沿ドニエストルが舞台の小説『シベリアの掟』(ニコライ・リリン著)を読んでの感想(1)

 この本で印象深く読んだ件はいろいろとあるが、刺青には物語があり、その人がたどってきた人生が読める、という話は興味深かった。様々な事情で途中まで仕上げられた刺青を、別の刺青師がそのメッセージを的確に読み取り受け継ぐ話などを読むと、私の周囲で刺青の話を聞く機会はほとんどないが、昔は日本人も普通に刺青をしていたわけで、刺青にも様々な文化的背景があるのだな、と思った次第。

 犯罪社会でも民族ごとに集団となっており、それぞれの民族同士の関係を反映して、友好関係が築ける集団とそうでない集団がある、というのも、興味深い話だった。シベリア犯罪共同体「ウルカ」はアルメニア人の集団と友好関係にあり、ベラルーシ人とも悪くない関係にあるが、グルジア人とは「掟」に対する考え方が大きく異なることから、近寄らないようにしていた、とあり、ウクライナ人とも、彼らがロシア人を憎んでいることから感情的対立となり「心から憎みあう関係」となった、とある。

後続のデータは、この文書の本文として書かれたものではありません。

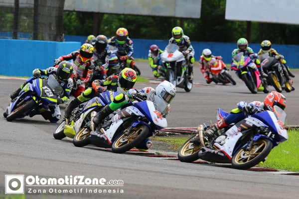 Otomotifzone.com – Sentul. Richard Taroreh berhasil double winner setelah ia bersaing ketat dengan Gupita Kresna di posisi kedua sementara itu pembalap Sidrap Honda Daya KYT Nissin IRC Trjaya Fitriansyah Kete harus terjatuh di tikungan terakhir sirkuit Sentul padahal posisi ia saat itu berpeluangan besar untuk bisa meraih podium.

 沿ドニエストルはその南北に細長い国土の東西をウクライナとモルドバに挟まれいてるが、ウクライナ人やモルドバ人は、そうした掟の理解者ではないことから、侮蔑的な表現を使って扱われていて、あまりいいようには描かれていない。例えば、1970年代から旧ユダヤ人地区にウクライナ人が住み始めたが、そうした家族の娘は「軽い女の子」たちが多く、「その性的にオープン過ぎる振る舞いは、結果的に彼女たちの人生を縛り、困難なものにした」とあり、「他の娘たちのように夫をみつけて家族を築きたいと望んでも、それはもう不可能」で「自ら死を選ぶ気の毒な女たちはあとを絶たなかった」とある。まだソ連時代の話ではあるが、「ベンデルにやってきたウクライナ人の若者たちは、暴力的な形で両親から引き離され、何の助けもないまま放置されていた」ともあり、社会主義国ソ連にもこうした社会問題があったものと見える。

 旧ソ連の国々の街には比較的治安が悪い地区というのがあるにはあるようだが、昔からずっとその地区に住み続けてきた人の末裔が今もそこに住む、というのでは恐らくなく、どういう経緯でそういう地区が出来ていったのか、よくわからない。この本では「バム地区」というバイカル・アムール鉄道に由来する名称を持つ地区がそのような地区として描かれており、「無知蒙昧ゆえに善良な犯罪者としての規範も守れなくなったろくでなし」の集まる場所で、窓から新生児が投げ捨てられたり、親子や兄弟間で殺し合ったりするなど、「無知と絶望は人をここまで荒廃させるのか、という血の凍るような話」が少なくない場所とされている。ここは犯罪者といえども「穢れるため」うかつには手を出せない場所とされ、暴力が支配する無秩序の街として描かれている。

 この街が実在するのか気になったので、ググってみるとWikimapiaに“Солнечный(ソルニェチヌィ)”(太陽地区) とあり、存在するようだ。ソ連でよくある工業地帯に併設して建設された街らしく、YouTubeに上がっていた街の動画を見ても、ウクライナやロシアの都市でよくみかける風景が流れているだけだったが、夜になると豹変するのかどうか。

 この本には時折日本にまつわる話題が出てくるのだが、p184あたりに1940年代末にシベリアの民と共に強制移住でベンデルに運ばれてきたボリシュカと呼ばれる元日本兵の話が出てくる。彼はノモンハン事件で捕虜になったあと偶然コザック軍に拾われ、「忍者と殺し屋の土地である伊賀の出身」とのことで、互いに技術を教え合ううち、アタマン(コザックの首領)に気に入られ、戦後アルタイ地方でアタマンの長女と結婚し、ボリスという洗礼名を得て、アムール川のほとりに住むようになるが、コザック共同体の自治独立の気風からソ連政府に目をつけられ、アタマンは処刑され、その家族は沿ドニエストルへ強制移住させられた、とある。

 彼は主人公の少年から敬愛されており、シベリアの犯罪共同体に入ってからも「犯罪社会の掟をすぐに理解し、誠意を持って約束を守る男」ということで敬意を勝ち取った、とある。

 10年ほど前にウクライナのジトーミルに元日本兵の上野石之助さんが住んでいることがわかり、日本に里帰りされたことがあるが、知られていないだけで、まだ多くの元日本兵が旧ソ連の国々で生きている可能性があるのではないか、と思う。

 この本を通して一番印象に残ったのは、少年の確固とした長老への敬意で、それは共同体が機能していることの何よりの証といえるだろう。あとがきの解説によると、この小説は三部作の一作目であり、少年はその後、チェチェン戦争で生死の境をさまよい、さらに除隊後のロシアでPTSDを患いながら、自身のルーツを求めシベリアに向かい、自らを取り戻す、とのことであるが、こうした帰属意識を持つことの出来る共同体があったことで彼は再生できた、と言えるかもしれない。読んでないからわからないが。

 というわけで、引き続き、二作目、三作目の翻訳を待望。翻訳も最初はちょっと固いか、と思ったが、読み進む内にこの文体が原著者のスタイルに合致したものと思えるようになり、元がロシア語の部分にどうしてもひっかかる箇所がいくつかあったものの、他は特にひっかかることなく読める翻訳で、同じ訳者による翻訳作業がもうすでに始まっているものと期待したい。